As to false triggers, temperature and canopy cover affected the number of false triggers while vegetation density did not. This contradicts the common idea that vegetation clearing is an effective way of decreasing blank images. As an alternative the placement of cameras may better prioritize areas with higher cover to decrease the number of blank images that disrupt many camera trapping studies worldwide.
Main implications and recommendations
In comparison with horizontal cameras the vertical method presented a lower risk of damage and theft as there was not a single case of damage by wildlife or people. It also proved to be potentially less impacted by vegetation and temperature (within the tropical temperature range studied). As there is less variation in the distance between the target species and the camera, and less variation in the size of the detection area it is substantially easier to make corrections and thus to get reliable density estimations. That being said and while still acknowledging the prevailing challenges, I believe that there is enough evidence to consider vertical camera trapping as a valid alternative method to its widely used sibling technique.
The results of this study do not indicate any big constraint for the tiger prey-base monitoring being conducted in Bardyia National Park. As the body mass of ungulate species such as the wild boar, hog deer, chital deer, swamp deer, and sambar deer (main tiger-prey species) is comparable and most likely higher than the goat used in the experimental setup, I predict detection success rates above 70%. Yet some of these species prefer habitats with dense understory which may require a more cautious analysis to avoid underestimations of certain species.
In the wider context of vertical camera trapping studies I would recommend that camera deployment heights should increase depending on the target species’ size and speed since this would increase the time of exposure to the sensor and maximize detection chances. I also recommend the use of data subsets from cooler periods (colder season or night-time) as an alternative in climates characterized by high temperatures.
From Bardyia to the world
The study demonstrated that by using controlled experiments and corroborating field data we can derive new insights not only into the vertical camera setup of Bardyia National Park but into many other camera trapping studies worldwide. It revealed several somewhat hidden detection patterns in vertical camera trapping, which enable us to take a critical look at the outputs. Once we understand these detection preconceptions we can correct for their influence. Further empirical research in vertical camera trapping is needed to accurately assess how these confounding factors quantitatively affect camera performance and finally be able to make the corrections needed.

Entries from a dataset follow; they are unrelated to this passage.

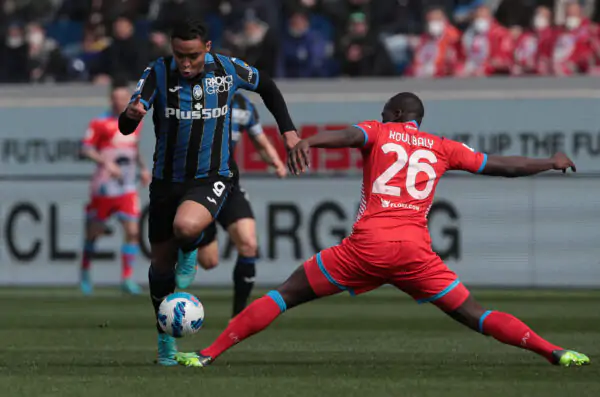 BERGAMO, ITALY - APRIL 03: Luis Muriel of Atalanta BC is challenged by Kalidou Koulibaly of SSC Napoli during the Serie A match between Atalanta BC and SSC Napoli at Gewiss Stadium on April 03, 2022 in Bergamo, Italy. (Photo by Emilio Andreoli/Getty Images)
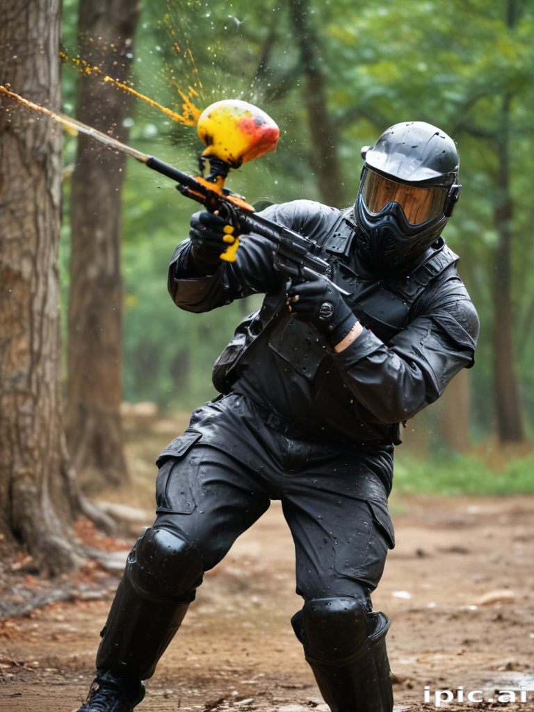 Action-Packed Paintball Player Launching Colorful Paint in Dynamic ...
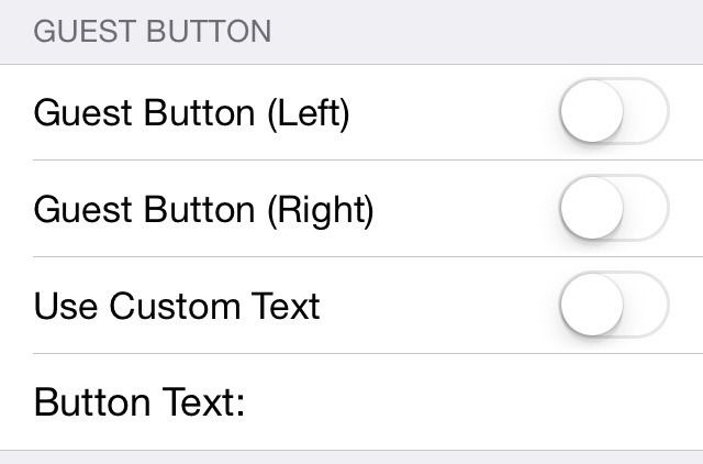 ▲ Guest Button Left / Guest Button Right / Use Custom Text
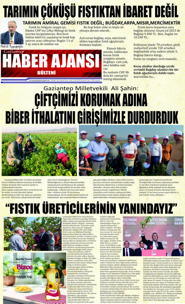Özel, çiftçilerin sorunlarının görmezden gelinmemesi gerektiğini ifade ederek, “Çiftçi yok sayılamaz, çiftlerin sorunları görmezden gelinemez. Çiftçinin sorunları yoktur diyorlar. Buradan Erdoğan ve Bahçe’liyi, diğer liderleri uyarıyorum. Sizin sahte gündemlerinizin peşine takılıp Antep fıstığı üreticilerini yalnız bırakmayacağım. Bizim derdimiz emekçidir, Rize’deki çaycı, Giresun’daki fındıkçı, Antep’teki fıstıkçıdır. Biz üreticimizin yanındayız. Emekçiyi sömürenlerle gidecek yolumuz, konuşacak konumuz, bir anayasa gündemimiz yok. Bizim yolumuz sizlersiniz, Antepli fıstık üreticileri, emekçilerdir. Cumhuriyet Halk Partisi diyor ki, “Üzülmeyin, enseyi karartmayın. Vardır bunun da bir çaresi. O da Cumhuriyet Halk Partisi’. Biz sizlerin yanındayız” diye konuştu.
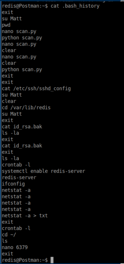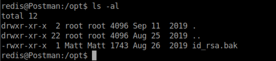 There are a couple of things to take away from this. The redis user uses the command su Matt quite a bit. Also, 'id_rsa.bak' caught my eye. I started enumerating the system and eventually found this file in /opt:
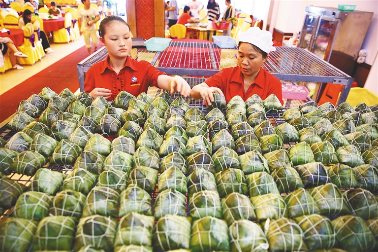 李爱柳忙碌的场景,正是近来定安粽子生产企业的缩影。定安粽子供不应求,不仅走向省内各酒店、超市,还通过电商销往全国各大城市。
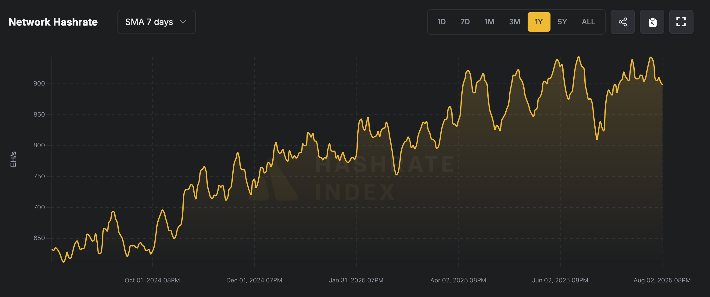 Tính đến ngày 3/8, hashrate toàn mạng cũng đã giảm 4,75% chỉ trong 8 ngày, rơi xuống 898,20 EH/s, thấp hơn mức đỉnh gần nhất 44,8 EH/s và lần đầu xuống dưới ngưỡng 900 EH/s trong thời gian gần đây.
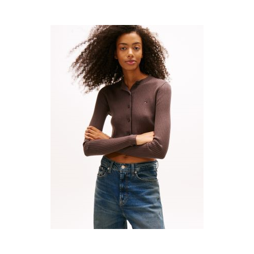 Tommy Hilfiger women's sweater. This cute cropped cardigan is designed in a trim fit with a soft ribbed texture. Made from fine-gauge combed cotton, this versatile layer keeps its shape and resists pilling. Part of our Tommy Jeans collection.
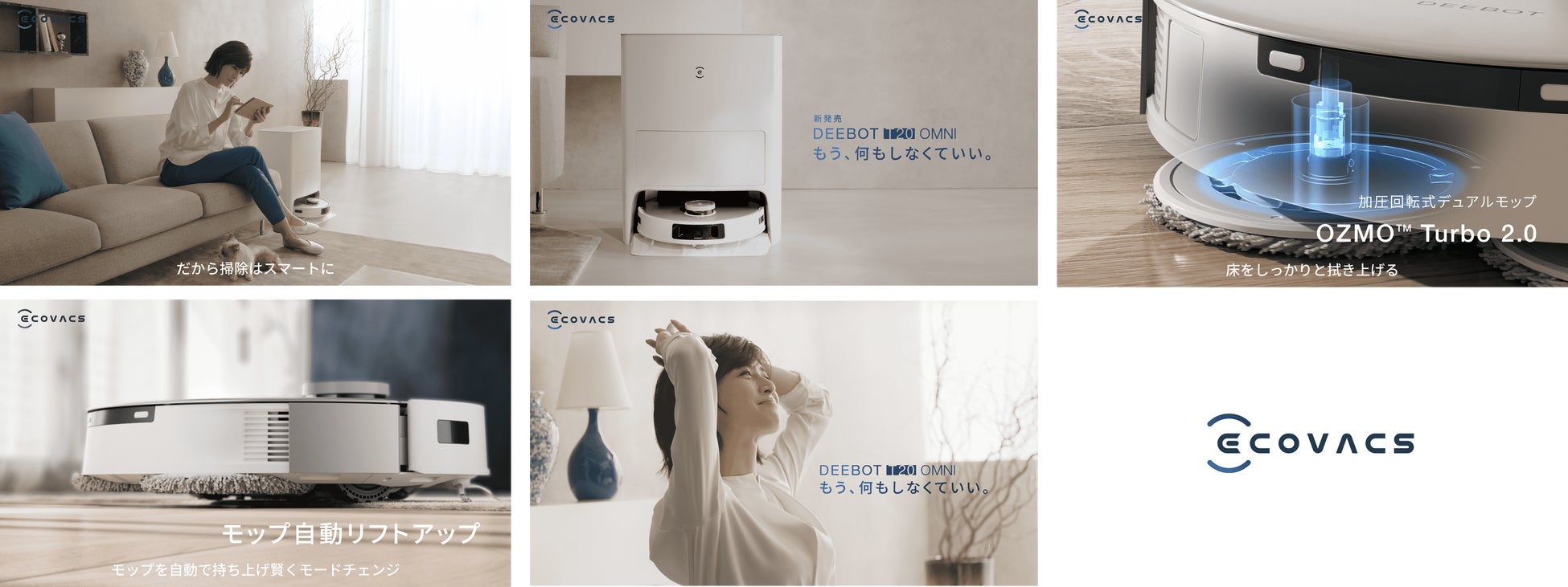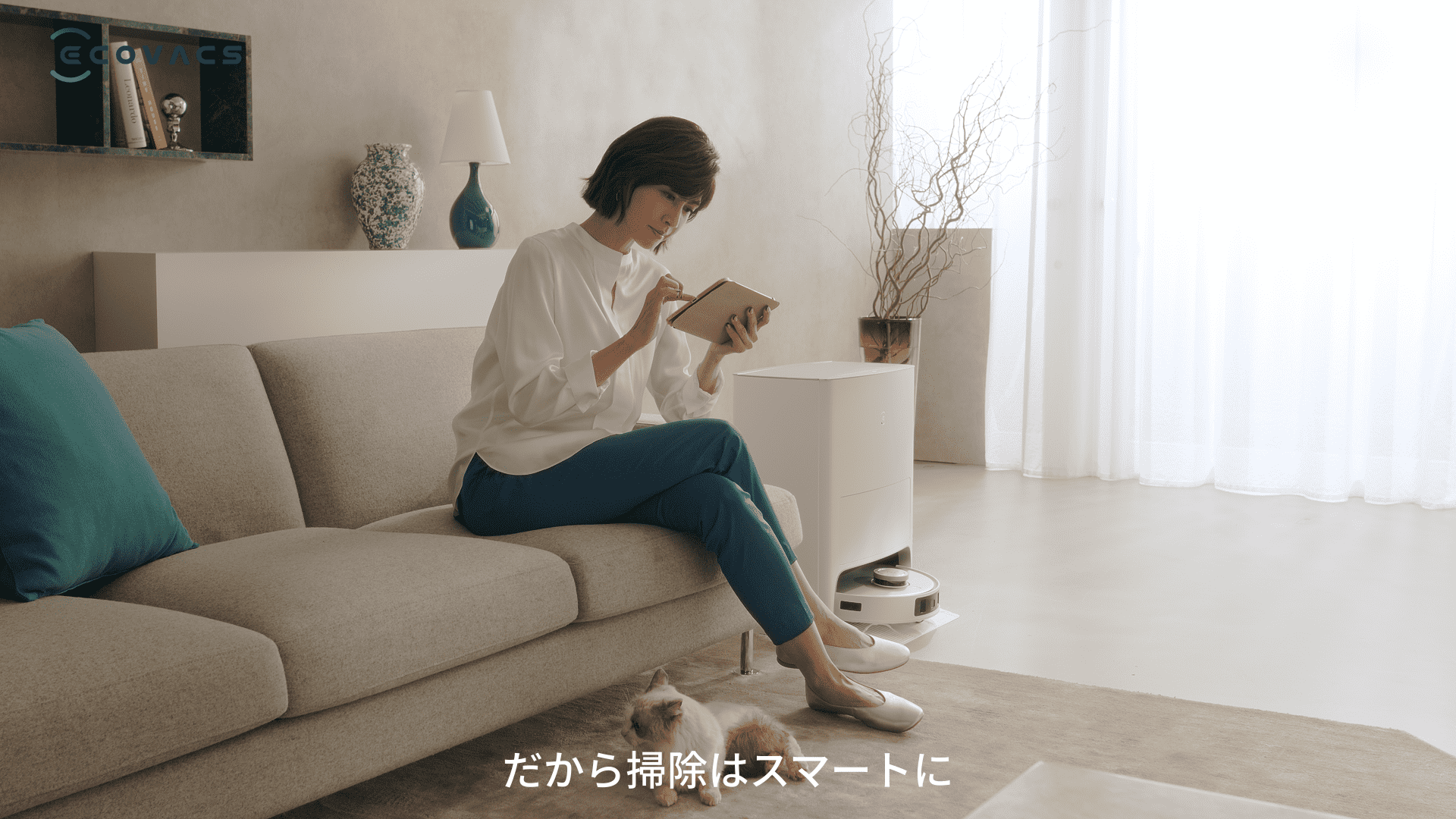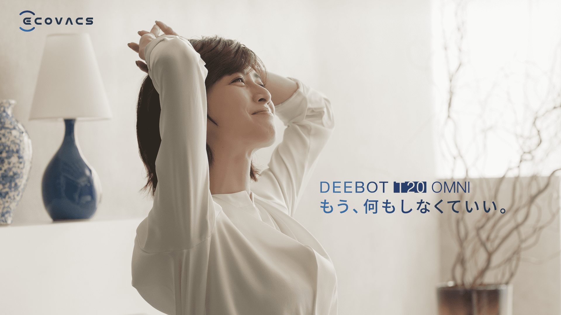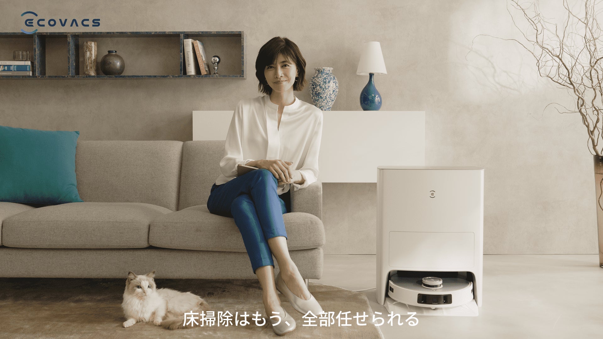 エコバックスのある生活をリアルに感じていただける内容となっており、内田有紀さんが猫と一緒に、「DEEBOT T20 OMNI」によって清潔になった部屋でくつろぐ姿を是非ご覧ください。

In the wake of the technological revolution of the 21st century tools like camera traps will have an ever-increasing importance in wildlife monitoring. In envisioning accurate wildlife density estimations it is important to strive for technological advance as well as a better understanding of the possible shortcomings of these modern tools. Machines have been shown to outperform humans in various tasks but their outcomes still need to be looked at critically.
The present study and many others were only possible thanks to the cooperation between the National Trust for Nature Conservation, Wageningen University & Research and the Himalayan Tiger Foundation, which enabled more informed decision-making about wildlife monitoring and confirmed the position of Bardyia National Park as being at the forefront of wildlife research.